Вместо ответа, несчастный Балоун закашлялся. Дело в том, что он открыл чемодан поручика Лукаша и съел его последнюю булку…
Мимо станции прошел, не останавливаясь, другой воинский поезд, битком набитый дейчмейстерами, которых посылали на сербский фронт. Они находились еще под впечатлением восторженных проводов в Вене и от самой Вены до сих пор не переставали горланить:
Принц Евгений благородный
Императору хотел
Крепость Белград возвратить.
Приказал он мост построить,
Чтобы в город пропустить
И войска и снаряженье…
Какой-то капрал с лихо закрученными кверху усами, опираясь локтями на солдат, сидевших в дверях вагона, и свесив ноги наружу, высовывался вперед, размахивал в такт руками и во все горло орал:
Мост построили отличный
Для обоза и для пушек —
Переправу чрез Дунай.
Возле города Землина
Мы разбили крепкий лагерь.
Чтобы сербов выгнать вон…
В этот момент он потерял равновесие, вылетел вагона и со всего размаха напоролся животом на рычаг железнодорожной стрелки, на котором и остался висеть. Поезд между тем промчался дальше, а в задних вагонах затянули новую песню:
Граф Радеикий славно дрался
И врагов прогнать поклялся
Из Ломбардии весной.
Мы в Вероне долго ждали…
Подкрепленья нам прислали.
Тут стал действовать герой…
Пронзенный каким-то дурацким рычагом стрелки, воинственный капрал был уже мертв. Вскоре возле него на часах встал какой-то молоденький солдатик команды, охранявшей станцию. Он с большой серьезностью исполнял порученное ему задание. С примкнутым к ружью штыком, он стоял, вытянувшись возле стрелки, с таким победоносным видом, будто трагическая смерть капрала на стрелке была делом его рук.
Так как это был мадьяр, он стал кричать во все горло, когда люди 91-го полка из маршевого батальона захотели взглянуть на мертвого:
— Не подходи! Нельзя! Начальство не велит!
— Этот, по крайней мере, уж все перетерпел, — заметил бравый солдат Швейк, тоже, конечно, бывший среди любопытных, — а это имеет свои преимущества, потому что если человек получил свою порцию железа в живот здесь, то, по крайней мере, все знают, где его похоронили. Хорошо, что это случилось у самой станции и что не придется искать его могилу на всех театрах воины.
—Он очень аккуратно напоролся, — добавил Швейк с видом знатока, осмотрев мертвого капрала еще и с другой стороны. — У него все кишки остались в штанах.
— Нельзя, не подходи! — крикнул молодой мадьярский солдатик. — Начальство не приказало!
Вдруг позади Швейка раздался строгий голос:
— Что вы тут делаете?
Швейк отдал честь. Перед ним стоял кадет Биглер.
— Так точно, господин кадет, мы смотрим покойника.
— А какую вы тут ведете агитацию? Какое вам до всего этого дело?
— Никак нет, господин кадет, — с достоинством ответил Швейк, — я нигде не веду никакой агитации.

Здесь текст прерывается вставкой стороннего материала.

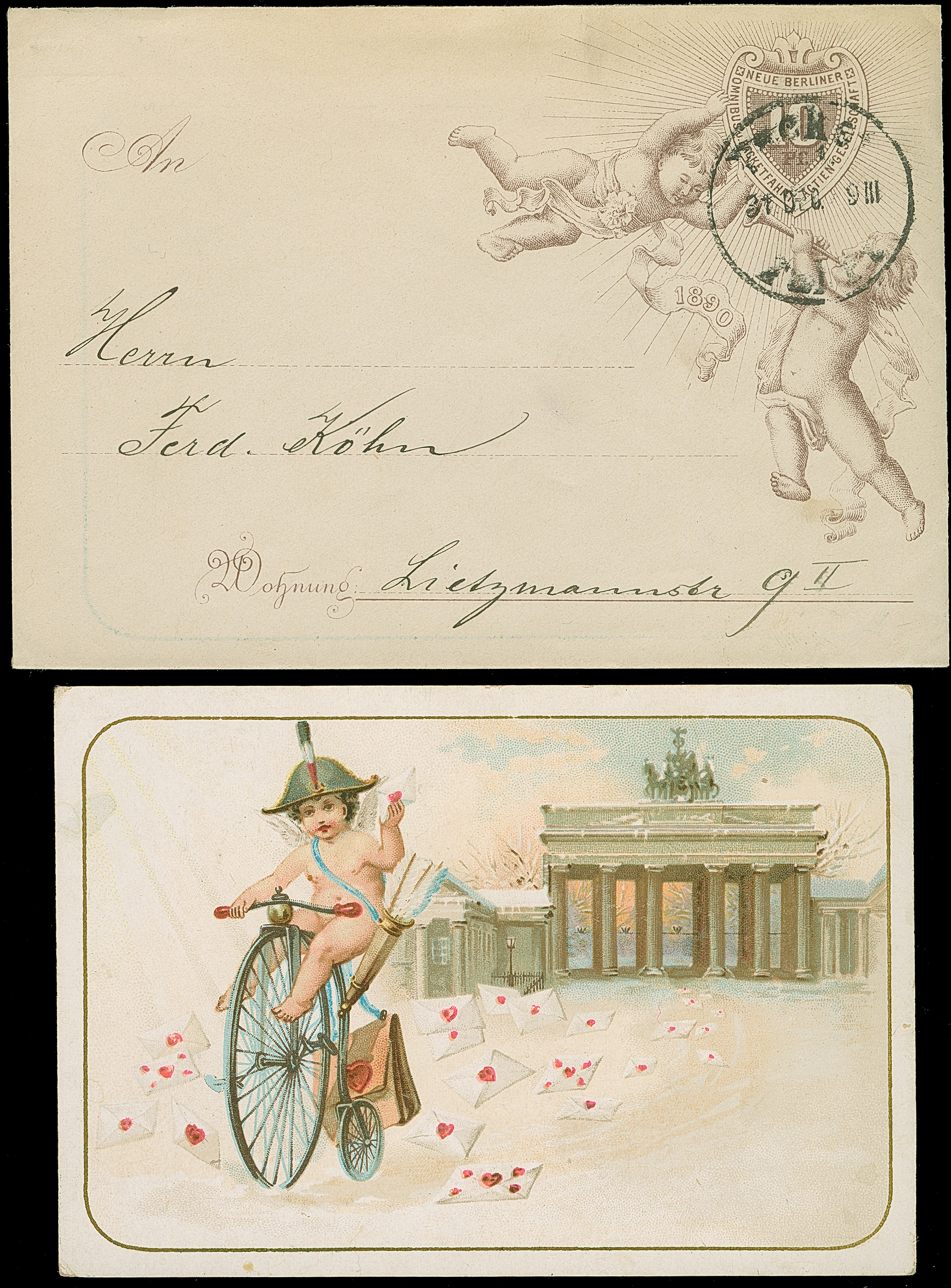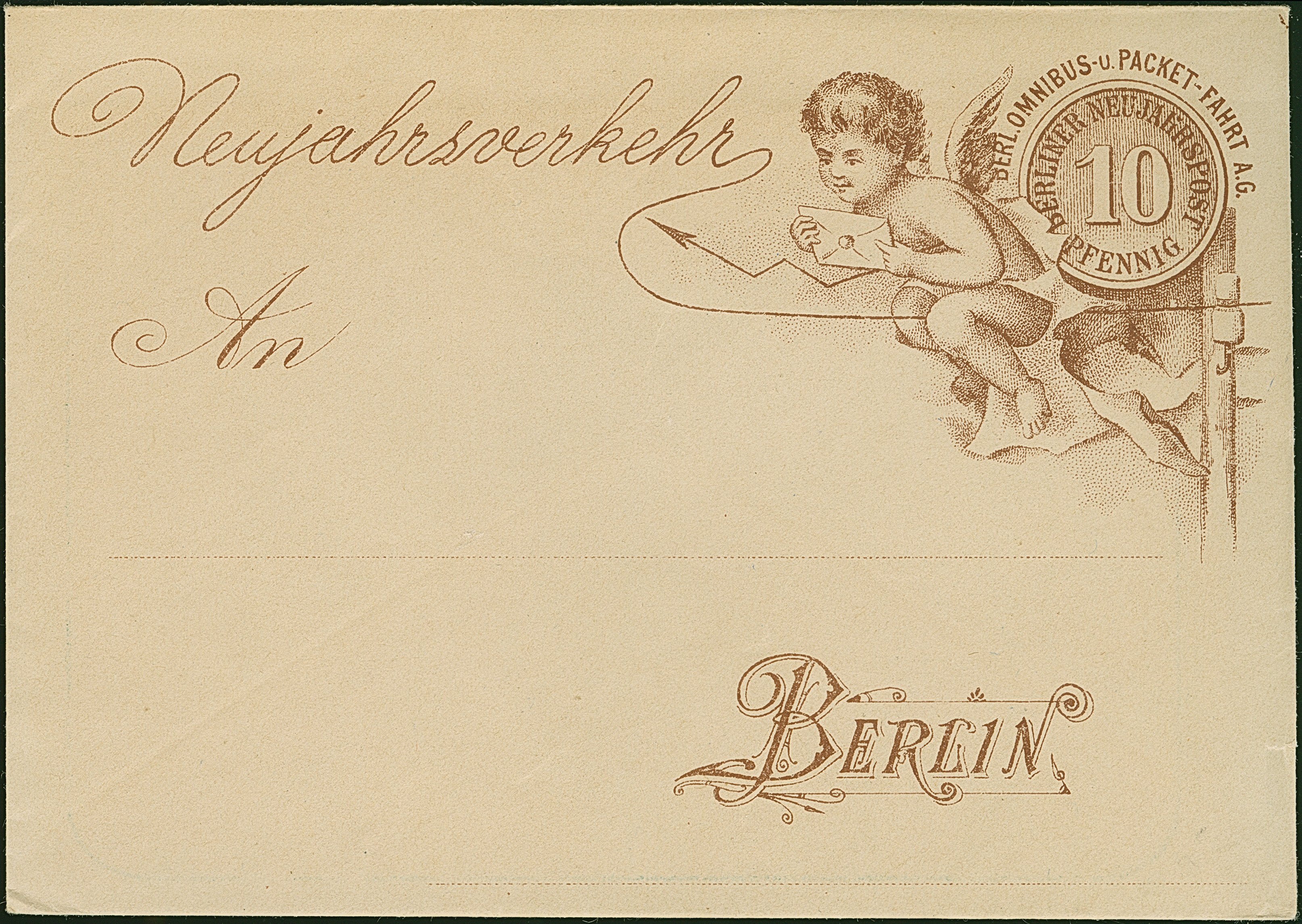 Berliner Packetfahrt-Gesellschaft: 1889, Ganzsachen-Glückwunschumschlag 10 Pfg. braun mit Einlage “Amor auf Hochrad vor dem Brandenburger Tor”, gebraucht mit Stempel “PAKET FAHRT 31.DEC.89”, leichte Spuren, in guter Erhaltung

Позади них несколько солдат засмеялись, и вперед выступил Ванек.
— Господин кадет, — сказал он, — господин поручик Лукаш послал сюда ординарца Швейка, чтобы тот сообщил ему, что тут случилось. Я только что был в штабном вагоне и слышал, что батальонный ординарец Матушич по приказанию батальонного командира ищет вас, чтобы вы сейчас же явились к господину капитану.
Вскоре после этого был дан сигнал к посадке в вагоны, и все вернулись на свои места.
— Если где-нибудь соберется несколько человек, — сказал Ванек, идя рядом со Швейком, — то вы бросьте свои рассуждения, Швейк, потому что иначе вам это могут поставить в вину. Капрал-то ведь из дейчмейстеров, поэтому можно было истолковать ваши слова так, как будто вы радовались его смерти. Этот Биглер — ужасный чехоед.
— Да я ведь ничего не говорил, — ответил Швейк тоном, исключавшим всякое подозрение, — кроме того, что капрал аккуратно напоролся, так что даже кишки остались у него в штанах. Ведь он же мог бы…
— Ах, бросьте, вы, наконец, говорить об этом, Швейк. И старший писарь Ванек даже сплюнул.
— Это же все едино, — добавил еще Швейк, — здесь ли у него будут выпущены кишки во славу его императорского величества, или там. Так или эдак, он выполнил свой долг. А ведь он мог бы…
— Посмотрите-ка, Швейк, — перебил его Ванек, — как батальонный ординарец Матушич гордо шагает к штабному вагону. Удивляюсь, как еще он не споткнулся о рельсы.
Незадолго до того между капитаном Сагнером и старательным кадетом Биглером произошел весьма неприятный разговор.
— Странно, господин кадет Биглер, — говорил капитан Сагнер, — как это вы не доложили мне немедленно о том, что полагающихся ста пятидесяти грамм венгерской колбасы не выдали; мне самому пришлось пойти посмотреть, почему люди возвращаются из продовольственного магазина с пустыми руками и господа офицеры также ничего не получили, — ведь, если дан приказ, то надо его исполнять. Я же сказал: «В магазин выходят по-взводно, рота за ротой». Это значит, что и после того, как в магазине ничего не получили, надо было возвращаться в вагоны повзводно, рота за ротой. А вам, кадет Биглер, я приказал наблюдать за порядком, но вы не изволили этого исполнить. Вы были рады, что вам не надо возиться с пересчитыванием колбасных порций, и вы, как я видел из окна, спокойно пошли поглазеть на проколотого стрелкой капрала дейчмейстеров. И когда я потом велел позвать вас, вы не придумали ничего лучшего, как нести чепуху, будто вы ходили удостовериться, не ведется ли возле трупа этого капрала какая-нибудь агитация. ..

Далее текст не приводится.